Recent developments in the cybersecurity landscape have brought a renewed sense of urgency and importance to the need for secure organizations. Various federal entities, including the Department of Defense (DoD), Cybersecurity and Infrastructure Security Agency (CISA), and the White House, have all released updated guidelines and policies to address cyber defenses, preparedness, and skilled talent. In addition, the US Securities and Exchange Commission (SEC) has proposed new cybersecurity requirements that are expected to promote transparency and communication in the business sector.
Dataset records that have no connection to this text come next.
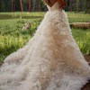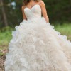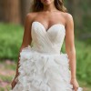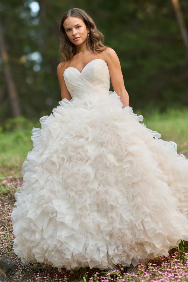 A romantic ivory A-line wedding gown with gorgeous ruffles adorning the skirt. Sweetheart neckline, pleated tulle bodice, delicate beaded belt. Zip and button back enclosure.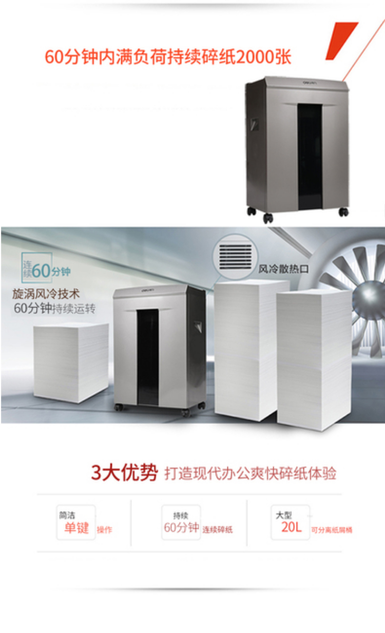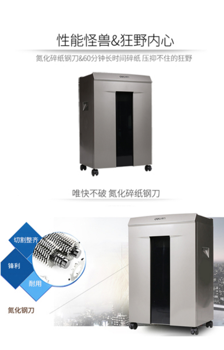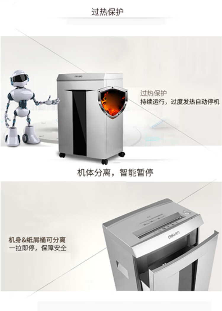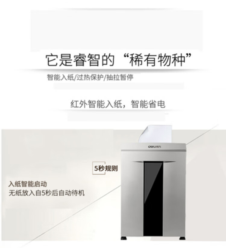 得力(deli) 5級(jí)保密辦公商用碎紙機(jī)(單次8張 20L 持續(xù)10分鐘 可碎卡碎光盤(pán))33043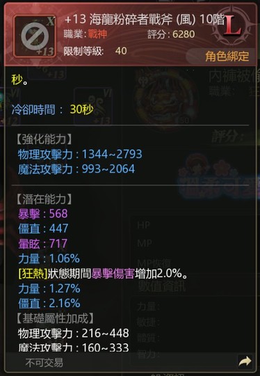 【50等】7.5狂戰/狂熱後物攻29255/首增40/4S飾品/可議/邊賣邊玩/霸王85%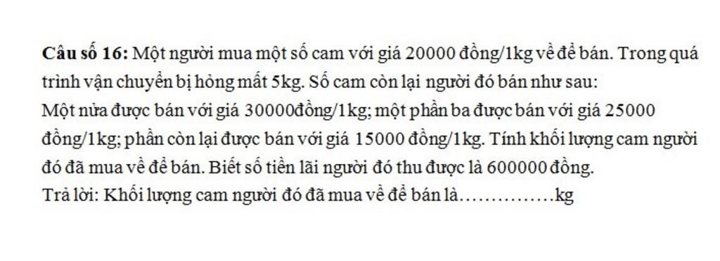 Câu số 16: Một người mua một số cam với giá 20000 đồng/1kg về để bán. Trong quá

However, while these efforts are commendable, they also introduce challenges for organizations that may not be prepared to meet the increased oversight and reporting requirements. Many security leaders currently lack the means to gather evidence and data to demonstrate their readiness to boards and executive leadership. As a result, less than 60% of organizations are confident in their breach readiness and incident response capabilities. Additionally, more than half of security leaders believe that their cybersecurity teams do not have the necessary data to properly respond to cyber threats.
To address these challenges and comply with government guidelines, organizations must adopt more effective approaches to building and proving their cyber capabilities. This paradigm shift requires several key actions. Firstly, organizations need to provide specific metrics that can demonstrate their resilience and capabilities. Currently, the measurement of cybersecurity effectiveness is limited, hindering the ability to identify strengths and weaknesses. By establishing better methods for assessment and proof, organizations can advance their cyber resilience and respond to the pressure from boards to demonstrate cyber resilience.
Secondly, organizations should move away from relying solely on technological “spot solutions” to address cybersecurity challenges. While there is no shortage of security tools available, implementing them as standalone solutions can leave organizations vulnerable to attackers. Instead, organizations should consider consolidating their tools and focusing on building a capable workforce that can effectively respond to cyber threats. Gartner predicts that a focus on the human element will become increasingly important in the cybersecurity landscape.
Lastly, organizations need to prioritize a people-centric approach to cybersecurity. Traditional training methods such as certifications, table-top exercises, and classroom work may not be sufficient to combat the evolving nature of cyberattacks. Despite increased training investments, a significant percentage of cyber leaders do not believe their teams have the capabilities to respond to future attacks. To address this, hiring practices should be reevaluated to ensure that qualifications and certifications are not the sole determining factors. This approach is particularly important to address the ongoing staffing challenges and talent gap in the cybersecurity industry.
In conclusion, the recent emphasis on cybersecurity from various federal entities is a step in the right direction. However, it also highlights the need for organizations to adapt and improve their cybersecurity capabilities. By providing specific metrics, moving away from technological spot solutions, and adopting a people-centric approach, organizations can better position themselves to combat cyber threats and prove their resilience to boards and company leadership. With strategic metrics and proof points, cybersecurity leaders can align their organizations for defense in the ever-changing threat landscape.